In this post we’re going to give a much less standard proof of Vandermonde’s Identity — one via the generalized product rule for derivatives.  In addition, while the combinatorial proof requires n and m to be natural numbers, our proof holds for all real numbers.

The generalized product rule, sometimes known as Leibniz’s Generalized Rule, gives a formula for the nth derivative of the product of two functions.  Here it is:

$\displaystyle (fg)^{(n)}(x) = \sum_{k=0}^n \binom{n}{k} f^{(k)}(x) g^{(n-k)}(x)$.

This formula can be easily proved by induction.

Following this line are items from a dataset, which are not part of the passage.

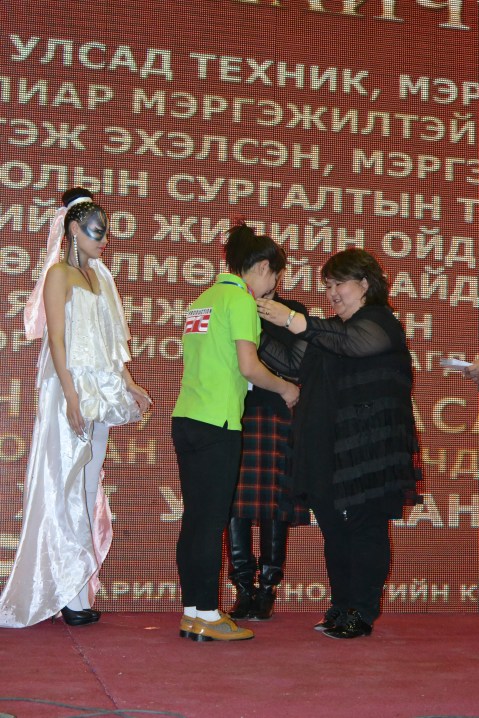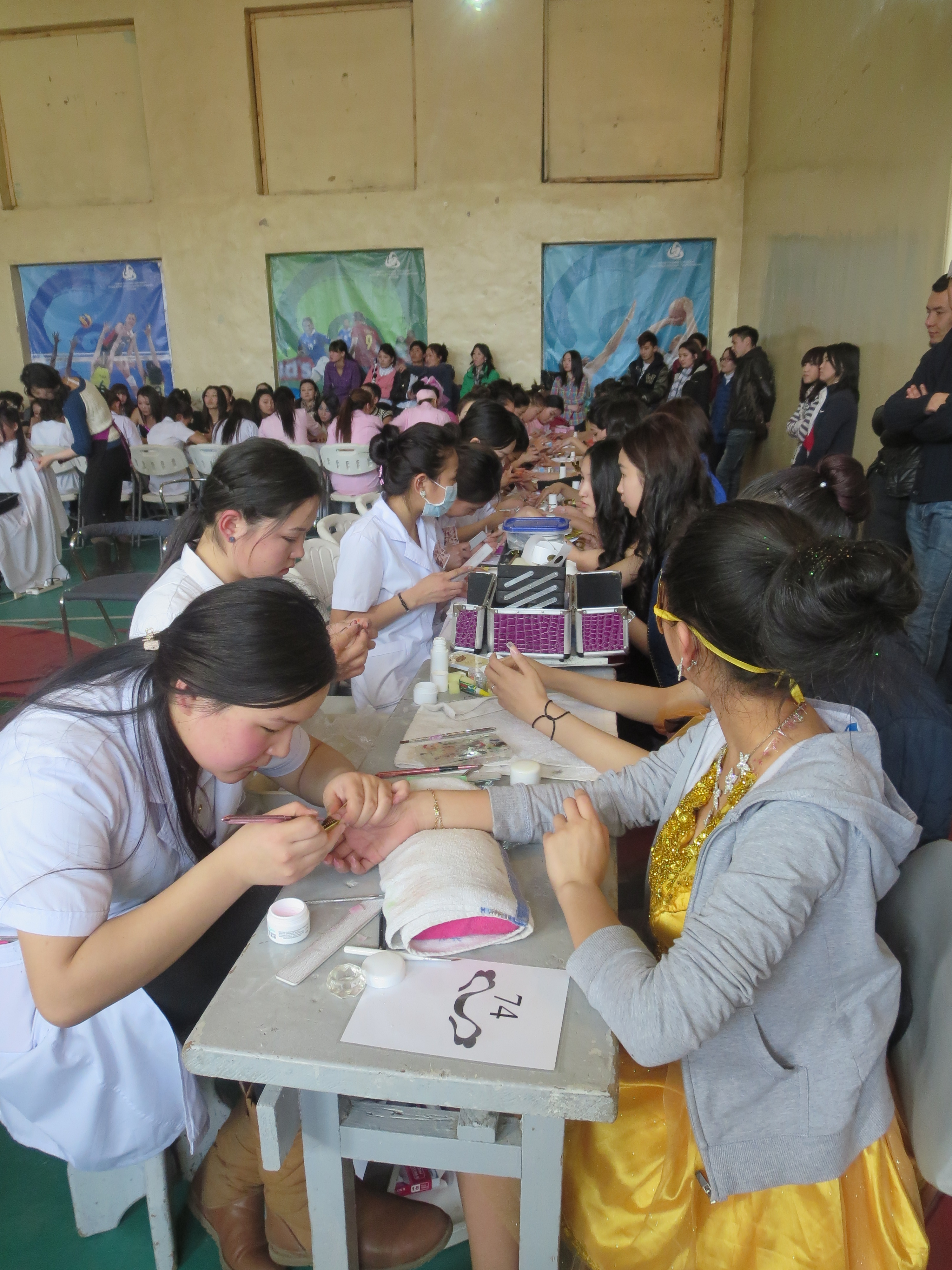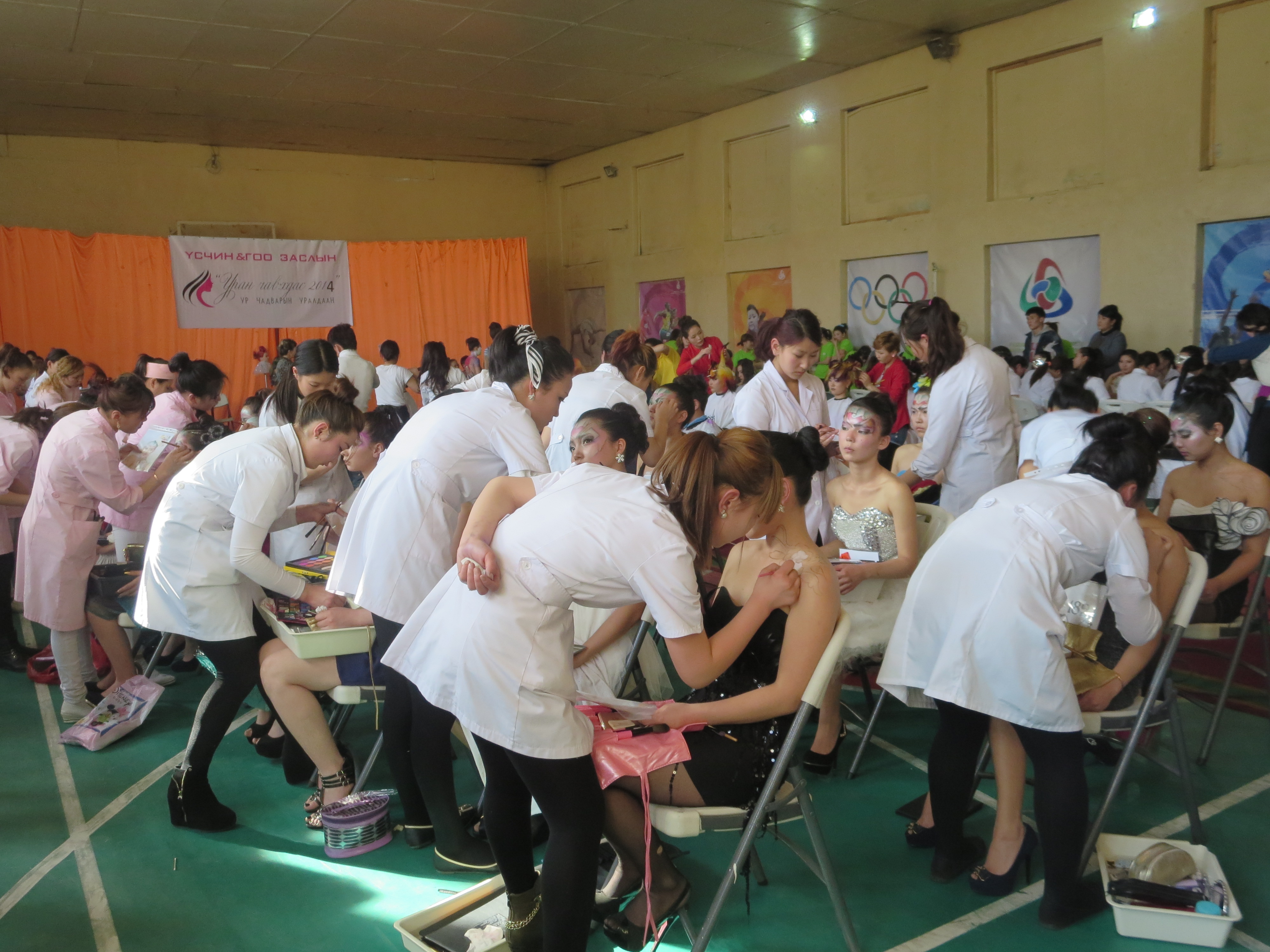 At first I don’t realize how important this school event is but soon a co-teacher informs me that winning means advancing to the national competition and potentially gaining recognition among the top hair design studios and beauty salons in Mongolia. There are five students in the room who won the national competition last year for their respective events and traveled to Brazil. One student won two gold medals at the international competition for creative hair design in the men’s and women’s categories for her age group.
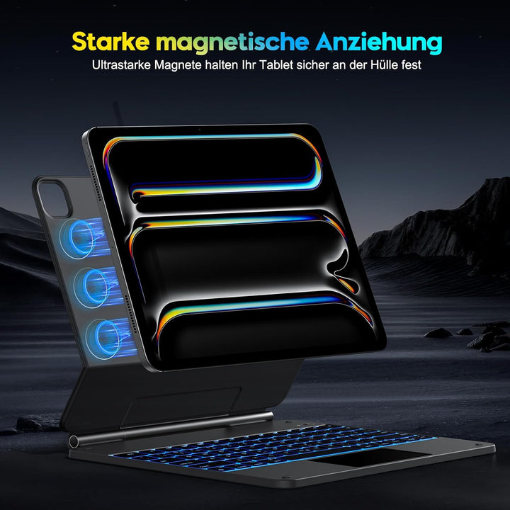 - FLOATING STAND DESIGN - Diese Tastatur Hülle für iPad Pro 13 Zoll M4 2024 ist mit einem schwebenden Ständer ausgestattet, der magnetisch am Gerät befestigt wird, so dass Sie den Betrachtungswinkel stufenlos an Ihre Bedürfnisse anpassen können
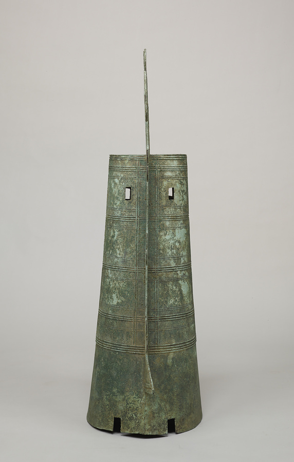 本例は銅鐸の中でも最も新しい突線紐式銅鐸です。紐(ちゅう)には双頭渦紋飾耳(そうとうかもんかざりみみ)がつけられ、鰭(ひれ)から続く鋸歯文が配されます。また、鐸身は縦横に区画され、斜格子紋が充填されています。音を鳴らすという本来の機能を失い、より大きく装飾性豊かに作られた銅鐸です。
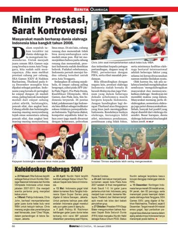 66 BERITAINDONESIA, 10 Januari 2008BERITA OLAHRAGAMinim Prestasi,Sarat KontroversiMasyarakat masih berharap dunia olahragaIndonesia bisa bangkit tahun 2008.Kaleidoskop Olahraga 2007fl 23 Februari: Rita Subowo terpilihsebagai Ketua Umum Komite Olahraga Nasional Indonesia dan KomiteOlimpiade Indonesia untuk masajabatan 2007-2011. Dia menjadiwanita pertama yang menjabatketua umum.fl 3 Maret: Petinju Indonesia, ChrisJohn, berhasil mempertahankangelar juara dunia kelas bulu versiWBA untuk ketujuh kalinya. Chrismenang angka atas penantangnyaasal Venezuela, Jose “Cheo” Rojas,dalam pertandingan di Istora Senayan, Jakarta.fl 20 April: Nurdin Halid terpilihkembali sebagai Ketua Umum Persatuan Sepak bola Seluruh Indonesia.fl 13 Mei: Indonesia gagal totaldalam turnamen Bulu Tangkis Indonesia Open Super Series yangdigelar di Istora Senayan, Jakarta.Untuk pertama kalinya para atletandalan Indonesia gagal merebutsatu pun gelar juara di ajang itu.fl 7 Juli: Petinju M. Rachmankehilangan gelar juara dunia kelasterbang mini versi IBF setelahdikalahkan penantang asal Filipina,Florante Condes.fl 29 Juli: Irak keluar menjadi juaraturnamen sepak bola Piala Asia2007 setelah di final mengalahkanArab Saudi 1-0. Ini gelar juarapertama untuk Irak. Indonesia, yangmenjadi tuan rumah, bersama Malaysia, Thailand, dan Vietnam tampilapik meski tak lolos dari babakpenyisihan grup.fl 27 Oktober: Presiden FIFA SeppBlater mengumumkan bahwa Asosiasi Sepak Bola Seluruh Dunia(FIFA) tidak mengakui Nurdin Halidsebagai Ketua Umum PSSI. StatusNurdin sebagai terpidana kasuskorupsi dianggap melanggar statutaFIFA.fl 15 Desember: Kontingen Indonesia hanya meraih 56 medali emas,64 perak, dan 82 perunggu sertamenempati posisi keempat dalampesta olahraga Asia Tenggara, SEAGames XXIV, yang digelar di Nakhon Ratchasima, Thailand, sejak 6Desember. Target meraih 64 medaliemas gagal, tapi perbaikan peringkat bisa dilakukan karena dalamajang sebelumnya Indonesia hanyamenempati posisi kelima. alam sepuluh tahun terakhir inidunia olahraga kita mengalami kemunduran. Untuk menjadijuara umum SEA Games sajayang levelnya cuma Asia Tenggara, kita sudah sulit mencapainya. Jika mau melihatprestasi cabang per cabang,SEA Games XXIV di NakhonRachasima, Thailand pada 6-15 Desember mungkin bisadipakai sebagai patokan. Indonesia yang berada di peringkatke empat dengan 56 medaliemas, paling banyak mendapatmedali dari empat cabangyakni atletik, bulutangkis,pencak silat, dan angkat besi.Cabang atletik dan bulutangkismasing-masing menyumbangtujuh emas sementara cabangpencak silat, dan angkat besimasing-masing menyumbanglima emas. Di sisi lain, cabangrenang dan menembak tidakbisa menyumbangkan satumedali emas pun. Hal ini menunjukkan bahwa pada cabangrenang dan menembak, prestasi Indonesia sudah demikianbobrok. Padahal sebelumnya,Indonesia pernah merajai kedua cabang tersebut untukarea Asia Tenggara.Sedangkan di cabang sepakbola, di empat cabang palingbergengsi, yakni piala AFF (dulu Piala Tiger), Pra Piala Dunia,Kualifikasi Olimpiade, SEAGames, dan Piala Asia, tim Indonesia terpuruk. Di pentaslokal, pelaksanaan Liga Indonesia bisa dilihat sebagai indikatorsukses tidaknya persepakbolaan Indonesia. Tapi harus diakui,kompetisi sepakbola lokal tahun 2007 juga masih diwarnaidengan kekerasan, pelecehandan intimidasi kepada petugaspertandingan, dugaan suap diPSSI, perseteruan denganFIFA, serta ribut masalah pendanaan.Bila dibandingkan dengannegara lain, prestasi olahragaIndonesia sudah berada dibawah Malaysia dan juga Vietnam yang dalam beberapadekade sebelumnya masihberguru kepada Indonesia.Jangan bandingkan lagi dengan Thailand atau Singapurayang kian jauh meninggalkanIndonesia. Rendahnya budayaolahraga, kurangnya bibitatlet, minimnya pendanaan,pembinaan yang tidak fokus,serta minimnya fasilitas olahraga bertaraf internasionaladalah beberapa faktor yangselama ini kerap diwacanakannamun miskin tindakan nyata.Oleh karena itu, tak ada salahnya kembali menghidupkansemboyan ‘mengolahragakanmasyarakat dan memasyarakatkan olahraga’. Semboyan inimemiliki makna yang dalam.Masyarakat memang perlu diolahragakan, sementara olahraga juga patut dimasyarakatkan.Sebab, banyak hal positif yangdapat diambil dari olahraga itusendiri. Besar harapan, duniaolahraga Indonesia bisa bangkittahun 2008. MLPDChris John saat mempertahankan sabuk kelas bulu WBA.Kejayaan bulutangkis nasional terus mulai pudar. Prestasi Timnas sepakbola lebih sering mengecewakan.
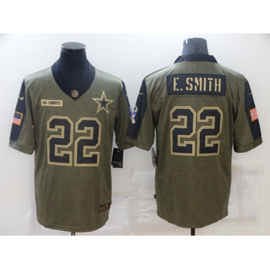 >Men's Dallas Cowboys #22 Emmitt Smith Nike Olive 2021 Salute To Service Limited Player Jersey
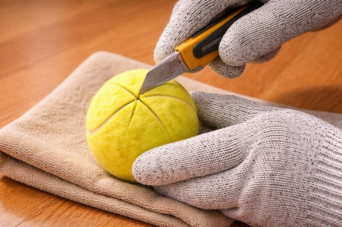 테니스공을 자를 때는 무엇보다 안전이 중요하다. 공은 둥글고 미끄러워 손으로 쥔 채 바로 칼질하면 날이 빗나가기 쉽다. 따라서 수건 위에 올려 굴러가지 않게 고정하거나, 두꺼운 장갑을 낀 손으로 단단히 잡고 작업하는 것이 좋다.
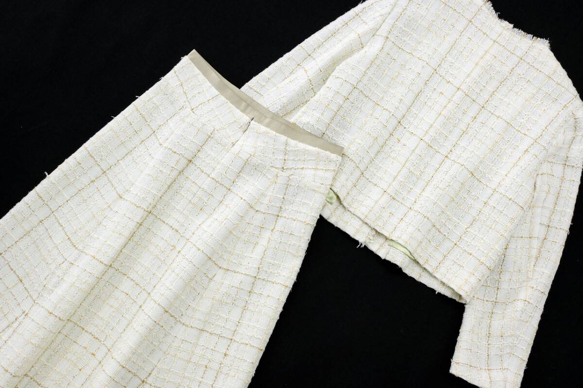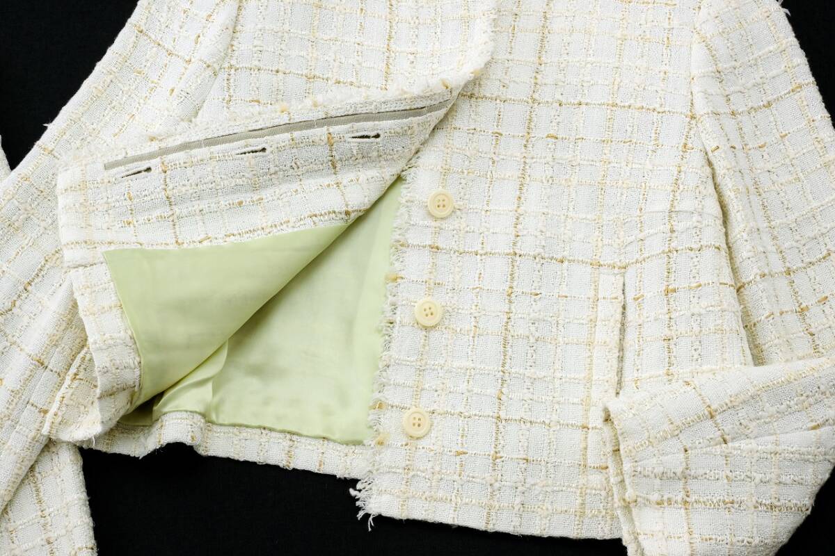 繊細なラメが煌めくサマーファンシーツイードを使用した、シャネルライクなセットアップ。
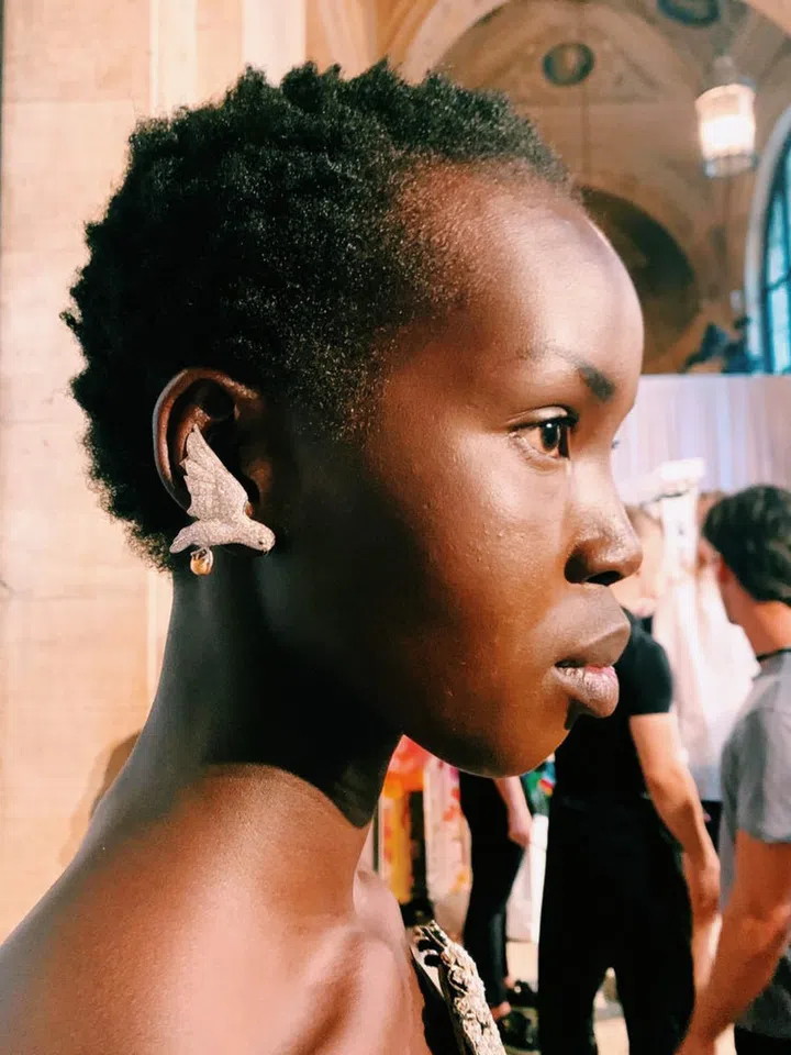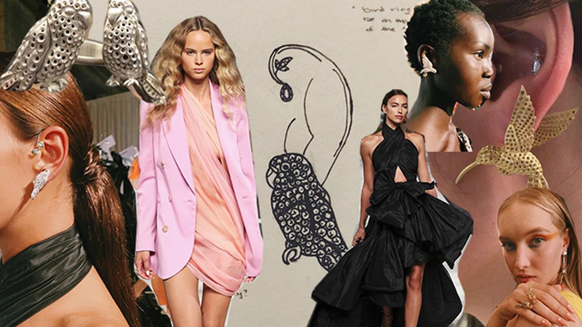 Danish model Olivia Vinten who opened the show in a degrade pink mini dress and flamingo pink blazer sported an open ring comprised of a lovebird perched on a yellow pearl. And for the finale, Irina Shayk smouldered in a flamenco-worthy taffeta evening gown and needed nothing else but a statement piece from Khoo: A diamond-studded ear cuff that featured a lovebird nesting. Voila.

Let $f(x) = x^n$, and let $g(x) = x^m$.  We know that the rth derivative of a power function like $x^n$ is $n^{\underline{r}} x^{n-r}$, where $n^{\underline{r}}$ is the falling factorial $n(n-1) \cdots (n-r+1)$.  Now, let’s look at the rth derivative of $f(x) g(x) = x^{n+m}$.  As we just argued, this is $(n+m)^{\underline{r}} x^{n+m-r}$.  By the generalized product rule, then, we have

$\displaystyle (n+m)^{\underline{r}} x^{n+m-r} = \sum_{k=0}^r \binom{r}{k} n^{\underline{k}} x^{n-k} m^{\underline{r-k}} x^{m-r+k}$

$\displaystyle \implies (n+m)^{\underline{r}} x^{n+m-r} = \sum_{k=0}^r \frac{r!}{(r-k)! k!} n^{\underline{k}} m^{\underline{r-k}} x^{n+m-r}$

$\displaystyle \implies \frac{(n+m)^{\underline{r}}}{r!} x^{n+m-r} = \left(\sum_{k=0}^r \frac{n^{\underline{k}}}{k!} \frac{m^{\underline{r-k}}}{(r-k)!}\right) x^{n+m-r}.$

The coefficients of the two expressions here must be equal in order for the expressions themselves to be equal.  In addition, using the definition of the generalized binomial coefficient, we have $\binom{n}{k} = \frac{n^{\underline{k}}}{k!}$.  (This allows binomial coefficients to be defined for values of n that are not natural numbers.)  All of this gives us Vandermonde’s Identity,

$\displaystyle \binom{n+m}{r} = \sum_{k=0}^r \binom{n}{k} \binom{m}{r-k}$.